◆ **PROBLEM DETAILS**:
Look below for the line with "The result shows", then repeat it and all lines after it, exactly, minus any pictures.

◆ **INFORMATION SHOWN**:
════════
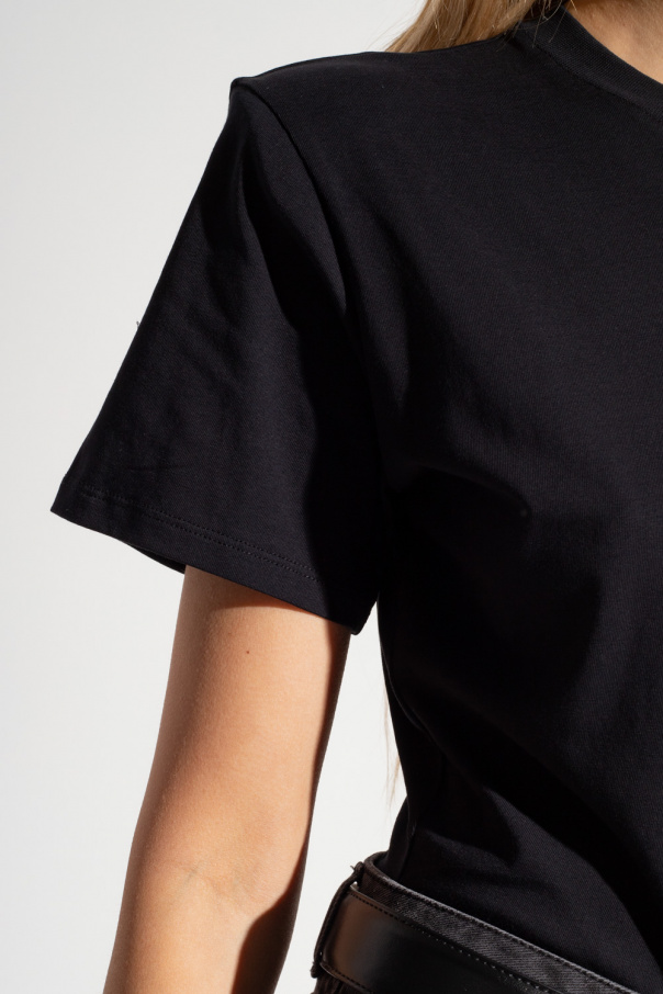 Black ‘Clayre’ body from Iro. Made of cotton. Fastened with snaps, this garment features a loose-fitting silhouette with a ribbed crew neck and short sleeves with detachable shoulder pads.
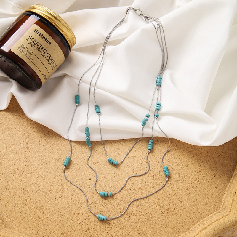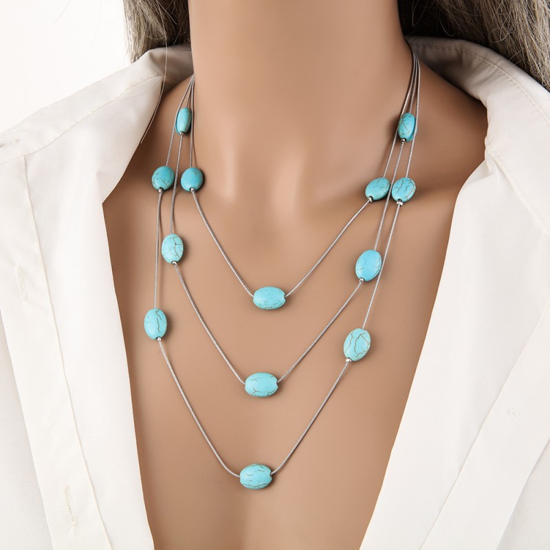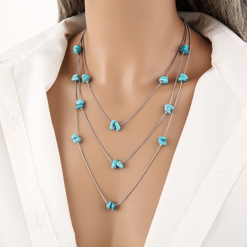 turquoise synthétique collier, avec alliage de zinc, avec 2inch chaînes de rallonge, multicouche & styles différents pour le choix & pour femme, Longueur:Environ 15.7 pouce, Environ 18.1 pouce, Environ 21.7 pouce, Vendu par PC
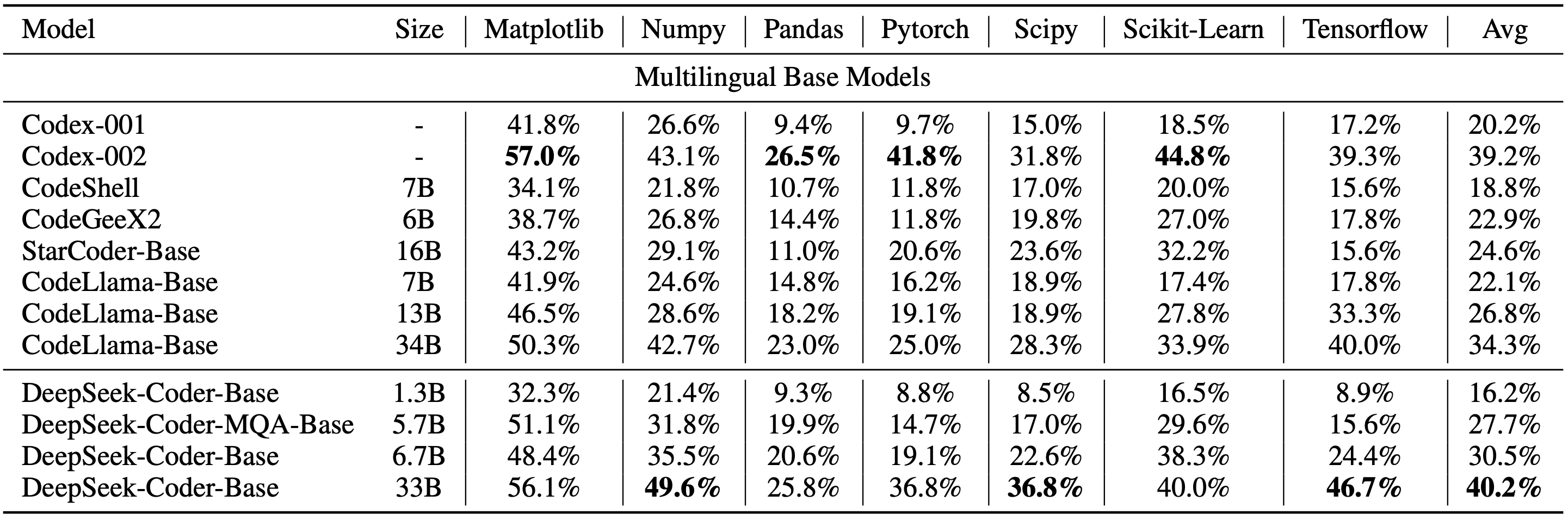 The result shows that DeepSeek-Coder-Base-33B significantly outperforms existing open-source code LLMs. Compared with CodeLlama-34B, it leads by 7.9%, 9.3%, 10.8% and 5.9% respectively on HumanEval Python, HumanEval Multilingual, MBPP and DS-1000. Surprisingly, our DeepSeek-Coder-Base-7B reaches the performance of CodeLlama-34B. The DeepSeek-Coder-Instruct-33B model after instruction tuning outperforms GPT35-turbo on HumanEval and achieves comparable results with GPT35-turbo on MBPP.
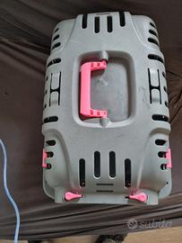 "Vendo secondo trasportino per animali domestici, perfetto per trasportare in sicurezza il tuo gatto o il tuo cagnolino. Struttura solida, sicura e ben ventilata, ideale per ogni tipo di spostamento.
════════
◆ **OUTPUT OF THE EXERCISE**:
 The result shows that DeepSeek-Coder-Base-33B significantly outperforms existing open-source code LLMs. Compared with CodeLlama-34B, it leads by 7.9%, 9.3%, 10.8% and 5.9% respectively on HumanEval Python, HumanEval Multilingual, MBPP and DS-1000. Surprisingly, our DeepSeek-Coder-Base-7B reaches the performance of CodeLlama-34B. The DeepSeek-Coder-Instruct-33B model after instruction tuning outperforms GPT35-turbo on HumanEval and achieves comparable results with GPT35-turbo on MBPP.
 "Vendo secondo trasportino per animali domestici, perfetto per trasportare in sicurezza il tuo gatto o il tuo cagnolino. Struttura solida, sicura e ben ventilata, ideale per ogni tipo di spostamento.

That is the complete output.